What else is bubbling away in the darkened beanbags in Silicon Valley that is blending the Geek thinking with your average consumer of social stuff...
Facebook developers have been busy creating some great applications and platform developments, as they continue to rally to Mark Zuckerberg's vision of Facebook being the next pervasive platform. We already have social gaming and Farmville from Zynga and the ongoing debate, especially over here in the US with Privacy fears and concerns - allowing the ad revenue and potential to drive more targeted ads, as well as the stupidly tagged "F-Commerce" where we have retailers displaying their wares on Facebook stores - all accounts and feedback is that it's a nice touch but not really gaining the traction or conversion that the Facebook Marketing Team promised. 500million users maybe a great number to throw on a table to show the size of your web "worth" but it's not just about that - with the average Facebook user dropping in to update status, check in with friends, upload pictures... there is a disconnect to the f-commerce that just doesn't feel right - and the users are not converting on the Facebook platform, as they drive back to the main site for added security and comfort...
But I thought this was about music, I hear you cry - yes I'm getting to it!! One thing that Facebook has understood is the connection between music and people, especially 500million people, it connects us, divides us, unites us and drives debate and emotion. Zuckerberg has always publicly stated that Facebook is not about Music, web users have MySpace for that - but as MySpace officially gets ready for sale this week, users are dropping off the cliff, and last reports were that the once 250million strong community has dropped under the 100million mark now and ad revenue is going cheaper than most of Google's Ad Words.
MySpace and specifically MySpace Music, was an online home for "artists" (well for labels and managers to easily have an additional global website to connect to fans) and the lure of the massive community base with the iTunes age of $0.99 per track anyway to tap into that and at least convert some of these listeners at little to no cost was another line item on their P&L. It didn't work, once News Corp. purchased (with the exact same ethos of converting the web traffic into ad revenue clicks and banner space to gain billion$ of dollar$) the site was ad heavy, it all seemed to false, fake and users dropped off and the stats that came through was that the average weekly visitor onto MySpace Music was in the hundreds of thousands rather than the millions that was expected.
So as we look across the music landscape, how is technology going to support and help the new artists and the clutch of reality programs (yes over here we have Simon Cowell's X-Factor launching in September!!) they want a home where they can upload music to share, "like" comment on, share, and while you're at it if you have your online playlists up there as well - Facebook can drive more targeted content and music content to you. So Facebook developing their version of Amazon's Cloud Drive? You'd be crazy to think that this is not almost complete, with Google Music & iTunes MyMusic all lining up later this year - the buzz word in the music industry is that Cloud based services with consumers own music available to stream direct to your Android (maybe iPhone) is the big thing for 2011.
How do you make money from this, there is a plethora of digital media being stored - think of Amazon's 5Gb initial offer x just 100million of Facebook's community that would then be 500,000,000Gb of content -that's a lot of media to maintain and stream to your end users using content distribution networks around the globe.
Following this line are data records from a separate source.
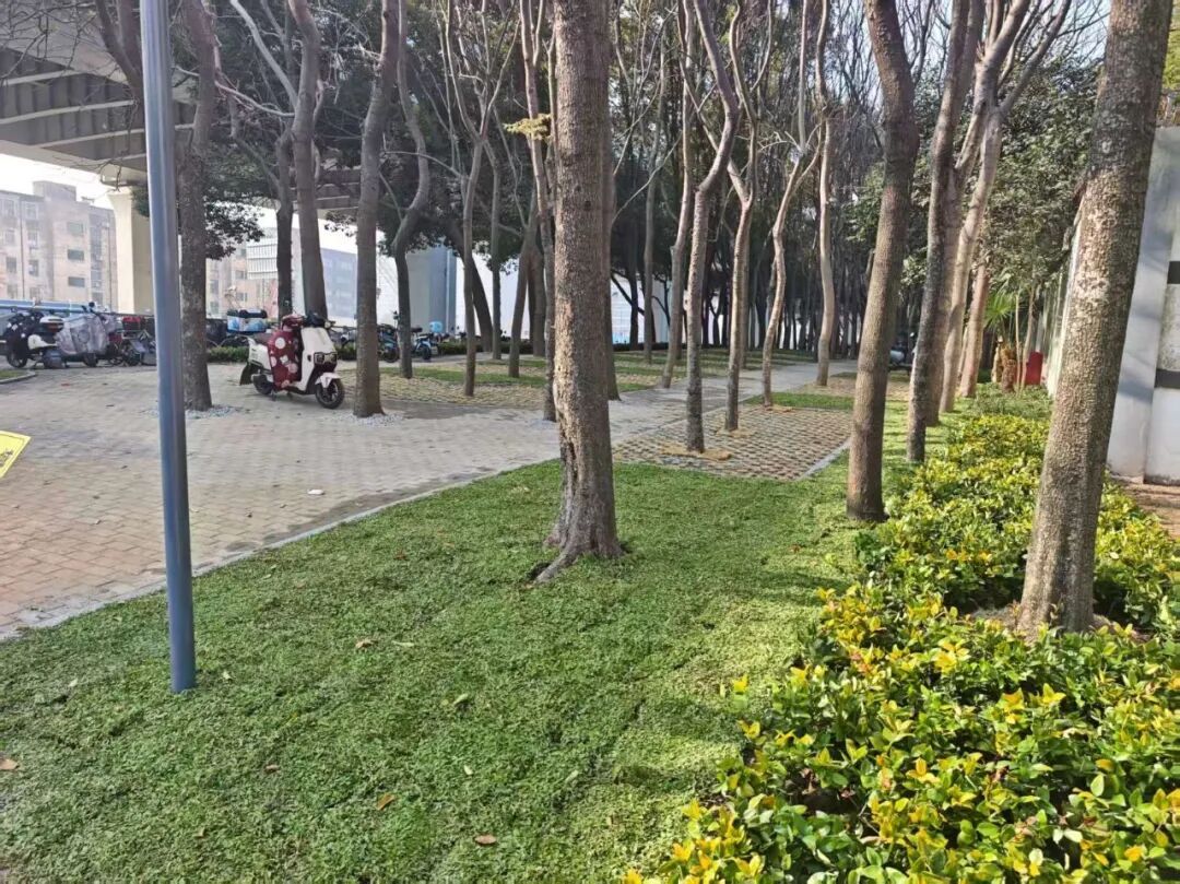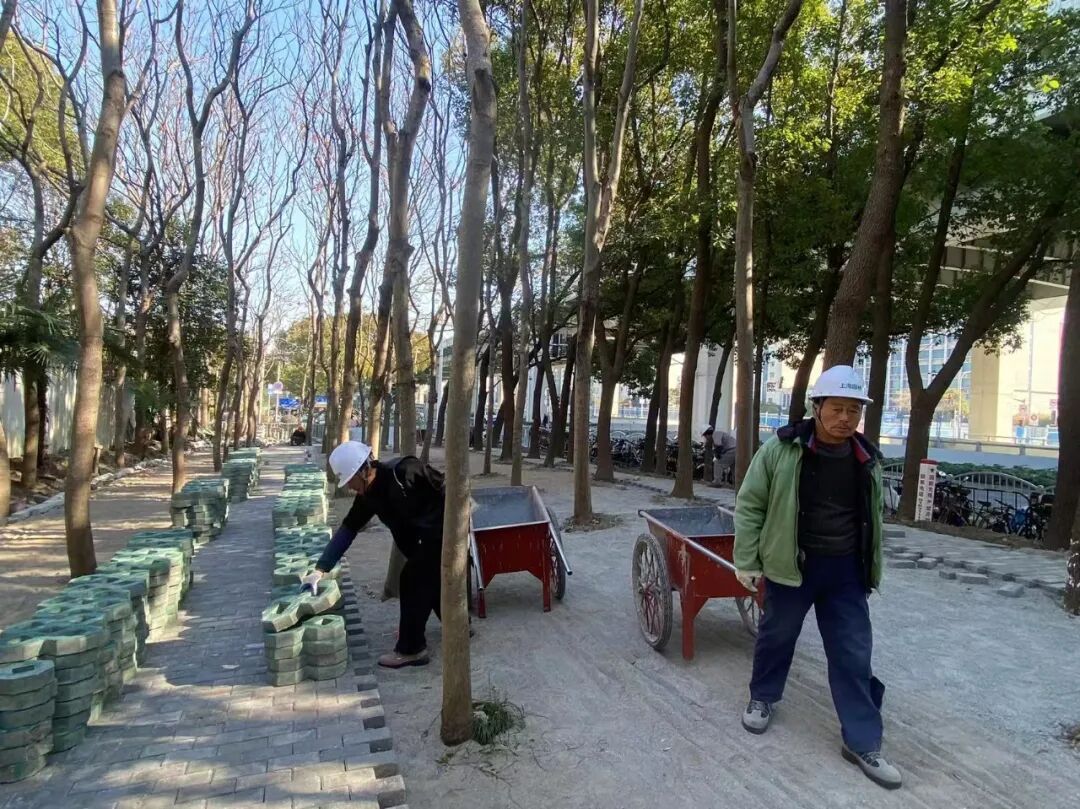 值得称道的是,这场空间扩容并未以生态牺牲为代价,反而通过科学规划实现了“功能与绿意共生”的升级。原场地里长势良好的香樟全部保留,还额外补种了15株苗木,迁移的树木均送至专业苗圃养护,确保绿化覆盖率不降低。施工材料还有特殊“小巧思”,停车区域铺设植草砖,下雨不积水,还能透气透水,真正实现“停车不毁绿,生态不打折”。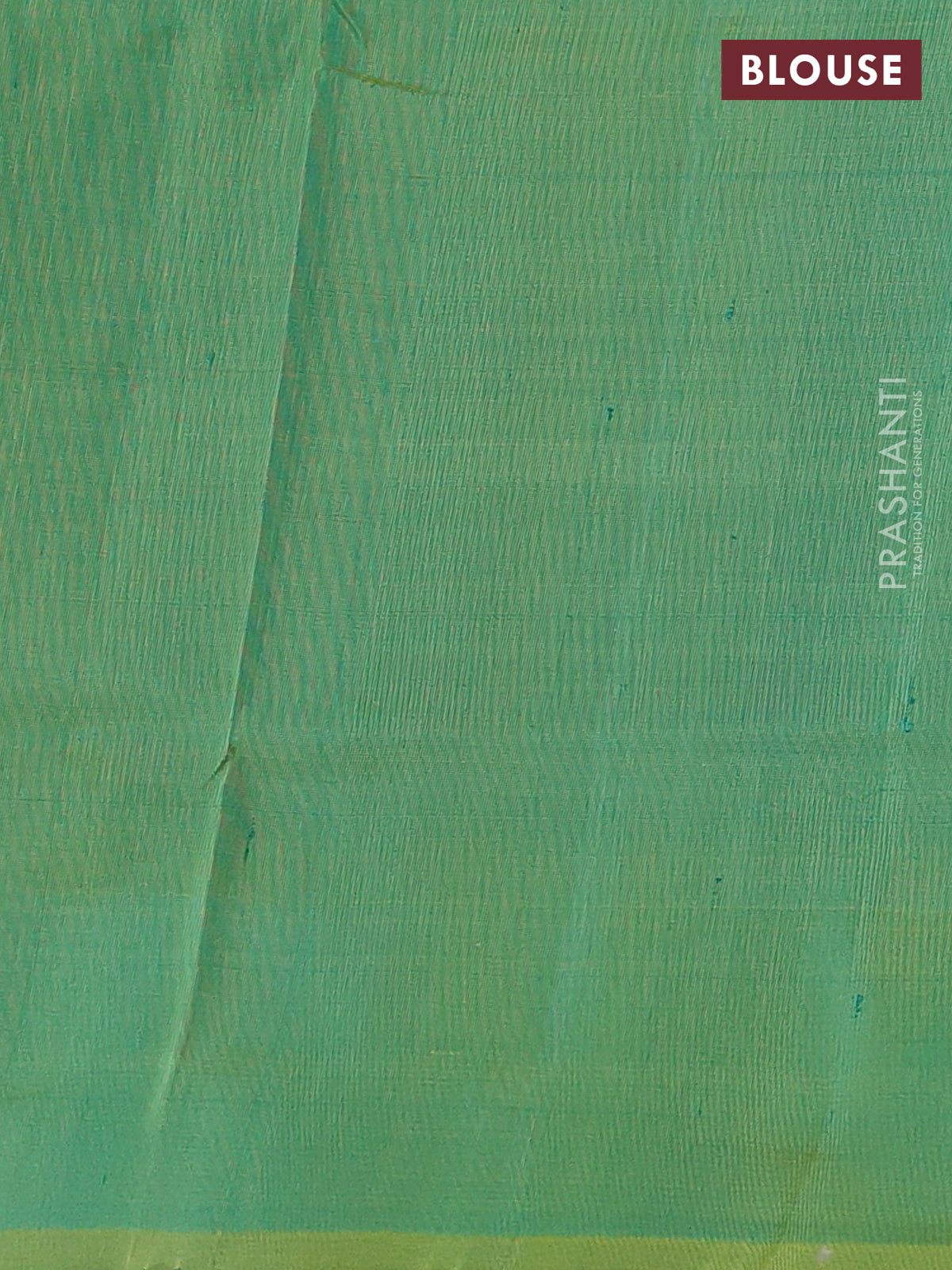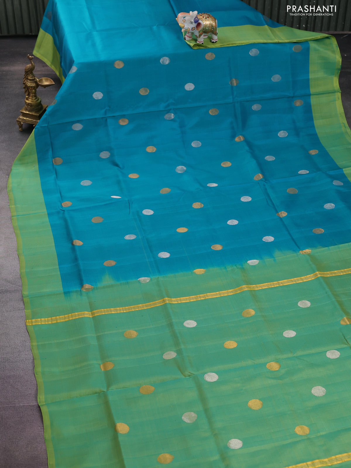 Pure uppada silk saree teal blue and dual shade of light green with silver & gold zari woven coin buttas and simple border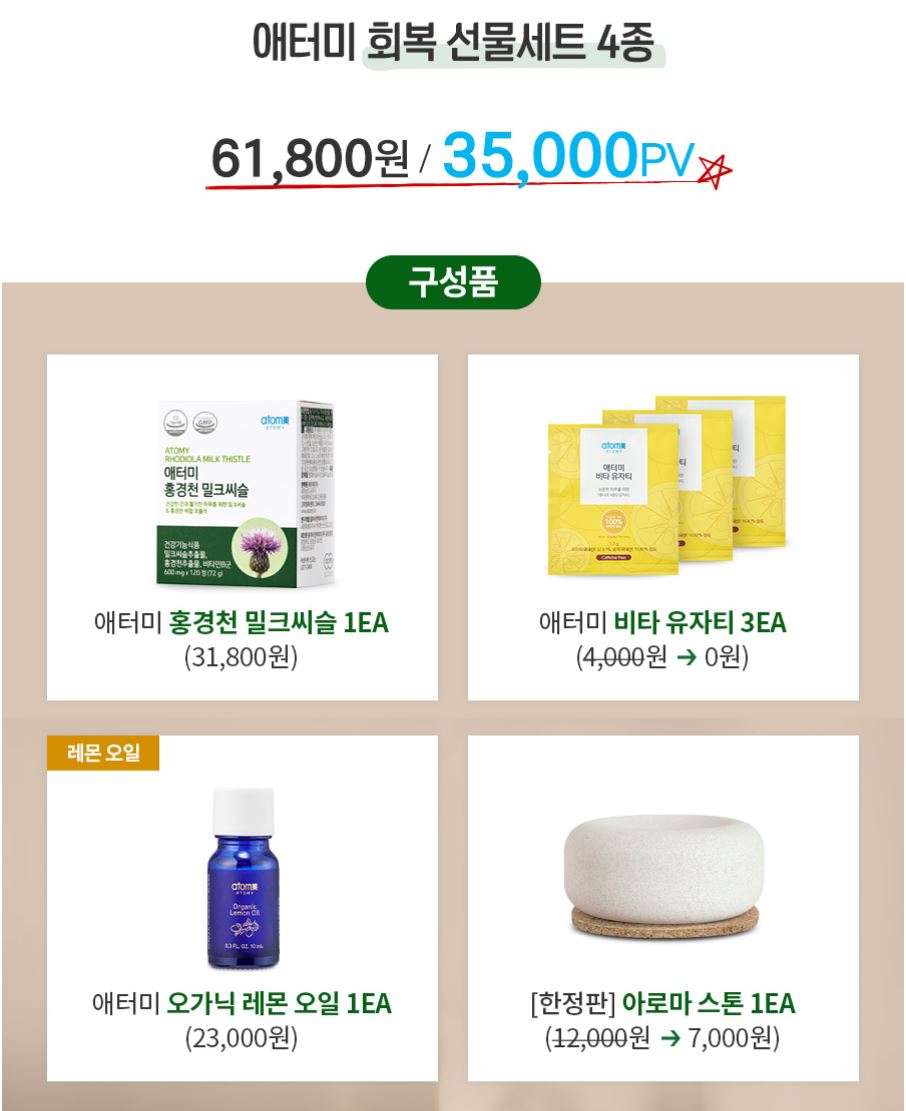 애터미 회복선물세트 4종 61,800원 에 구매가능합니다.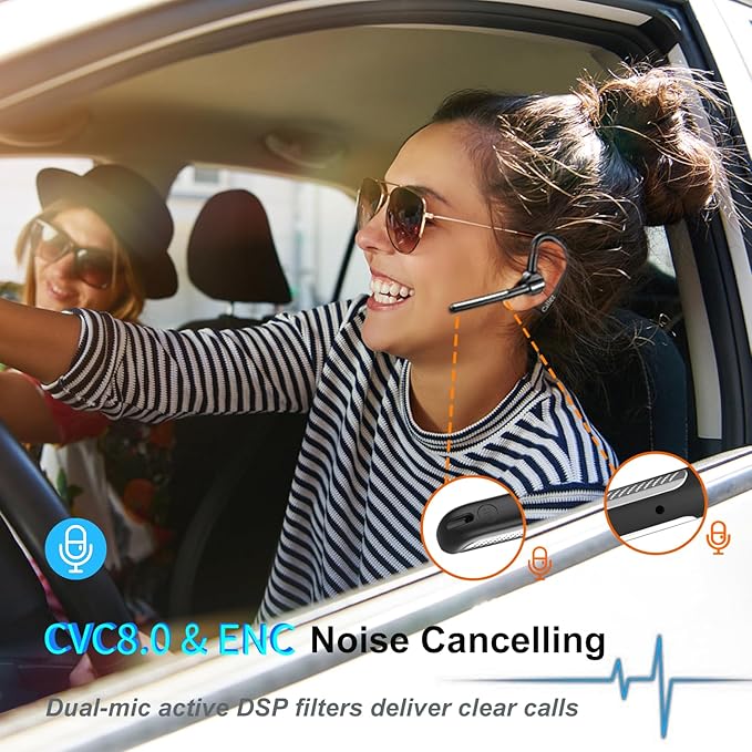 - ADVANCED CVC8.0 DUAL MIC NOISE CANCELLING - The Bluetooth headset Built-in HD Mic ENC features advanced CVC8.0 noise cancelling and Digital Signal Processing (DSP) technology for clear and smooth conversations. Qualcomm aptX HD delivers crystal clear audio and natural sound wherever. Ensure clearer and more efficient calls.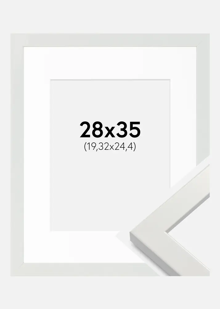 Kehys White Wood Glossy 28x35 cm - Passepartout Valkoinen 8x10 inches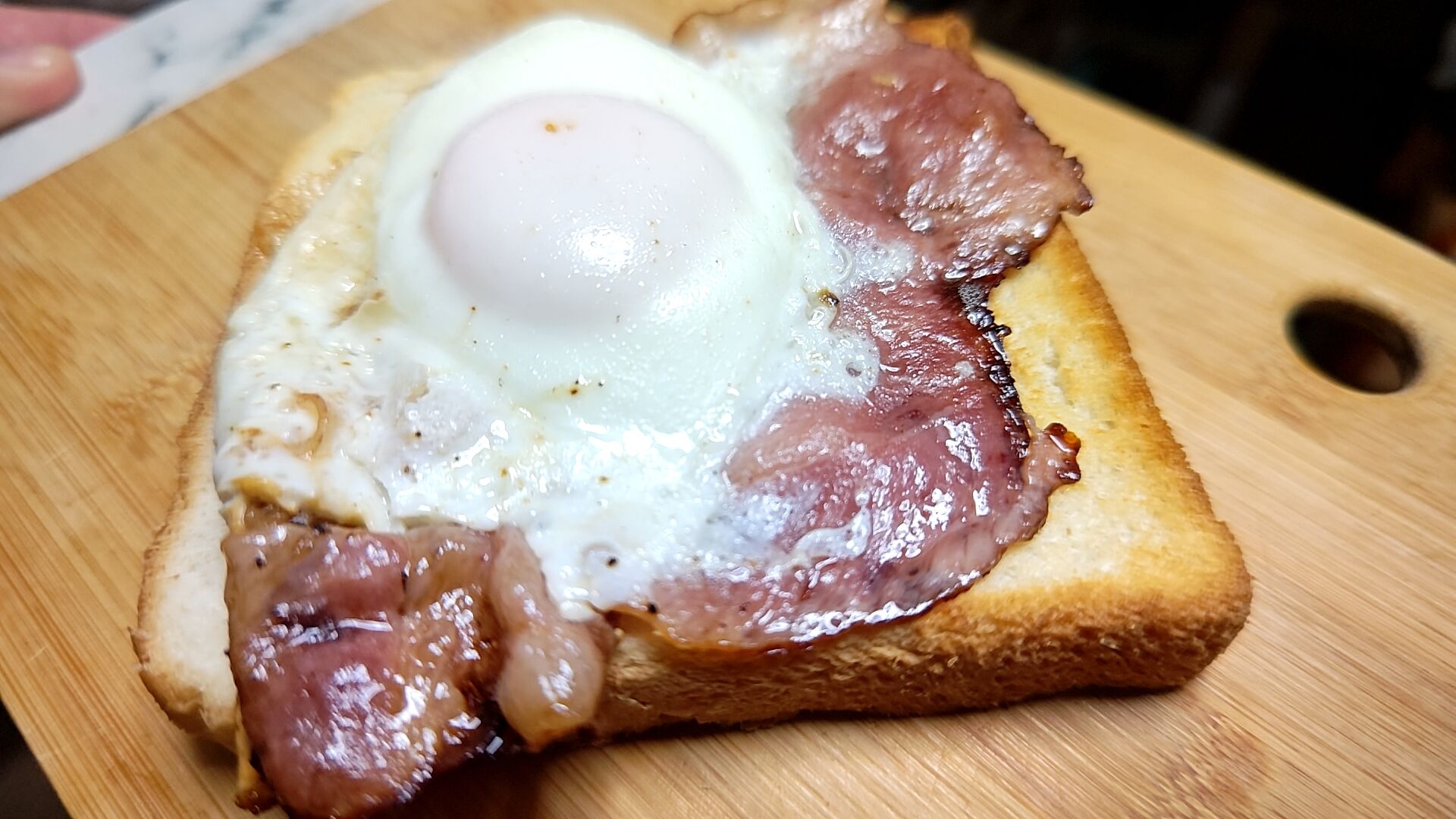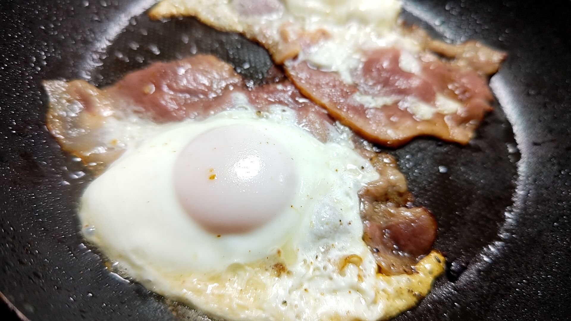 黄身も半熟、ベーコンもカリっとした部分のあるマーベラスな焼き上がり!

So I think that it will be dropped in a trial basis such as UK or US to begin with to understand the dynamics and scalability - as the rumblings are that just like F-Commerce there won't be the massive uptake of the service and it will be used mainly by labels to push their latest releases to the Facebook community to get near time feedback and of course bring in some of that advertising (with US based radio revenues up 5% to $14bn) there is a big chunk of cash out there, especially when you get around some of the privacy elements and can generate and target your community...
Final word of warning though, the Music Industry has seen their business turned inside out and upside down over the last decade, while they look at every new model and opportunity - (MySpace was once heralded as the web savior of the music industry), the fact remains that only the few have actually made this work, and that success was based on a number of key elements 1) closed platform, 2) mass adoption of the hardware, 3) Global Consumer base... luckily Facebook has two out of three of these elements, and with the world of Apps, to deploy your software on every smartphone from Apple to Google to Microsoft, the third isn't that far off - Zuckerberg and his team may just pull it off again and then he will be crowned the savior of the Music Industry among his other web accolades...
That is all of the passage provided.